I would not recommend stocking much in your aquatic portion besides algae and aquatic plants. There will be other microscopic organisms whether you intend for them to be there or not though...

Here's why I would think fish, etc are a bad idea...

1) These systems don't seem to mention the role of the nitrogen cycle in aquatic environments, which is essential for keeping things like fish alive. Without establishing the bacteria necessary, you cannot keep larger organisms (like fish) alive.

2) It looks like the water you add to the aquatic portion is draining through one or more portions before it reaches the aquatic environment. This means that you are adding water that is very high in dissolved nutrients to your aquatic environment. This will contribute to the overgrowth of algae, and could introduce ammonia into your water which would harm aquatic organisms.

Particularly concerning would be if your water was draining through the compost and eventually reaching the aquatic environment.
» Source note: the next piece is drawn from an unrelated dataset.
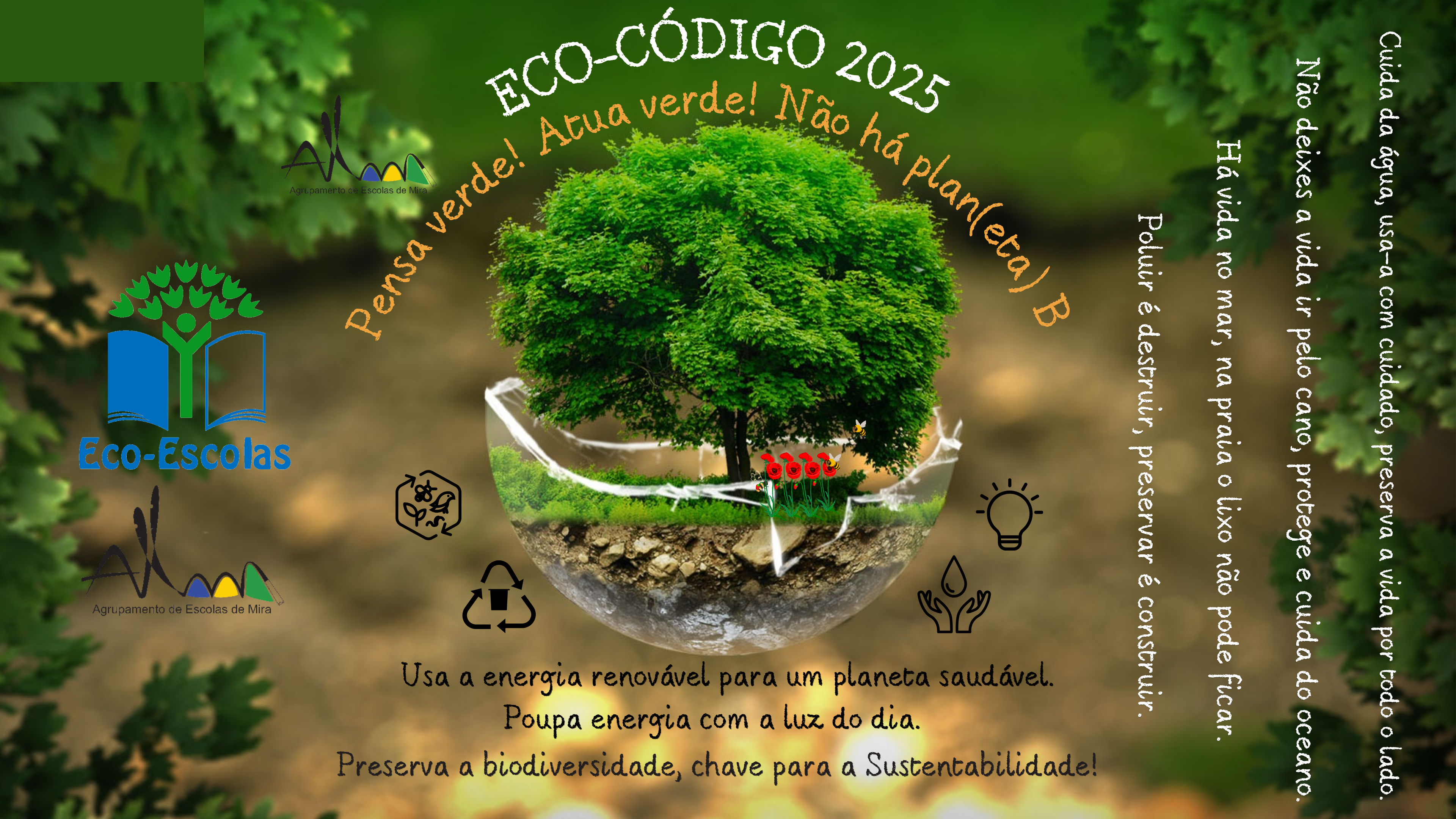 No âmbito do Programa Eco-Escolas, o Agrupamento de Escolas de Mira partilha com toda a comunidade educativa o Eco-Código 2025 – um conjunto de princípios e compromissos que orientam as nossas práticas ambientais e refletem o empenho coletivo por um futuro mais sustentável.

This water would certainly ammonia (which is toxic to most aquatic creatures), amongst other potentially harmful stuff.

3) It doesn't look like there's much air circulation in these systems. Air circulation is important for terrestrial organisms (plants, too), decomposition, and aquatic environments.

If you can address these problems so that you are establishing a nitrogen cycle, you are not draining water through other systems into the aquatic system, and the aquatic portion has access to fresh air, then fish would be viable. However, you still need a way to deal with decomposing fish waste (regularly maintenance? Aquatic plants?), also, enclosed environments are never truly 'self-sustaining'. You will eventually have to dismantle things, so be prepared for that.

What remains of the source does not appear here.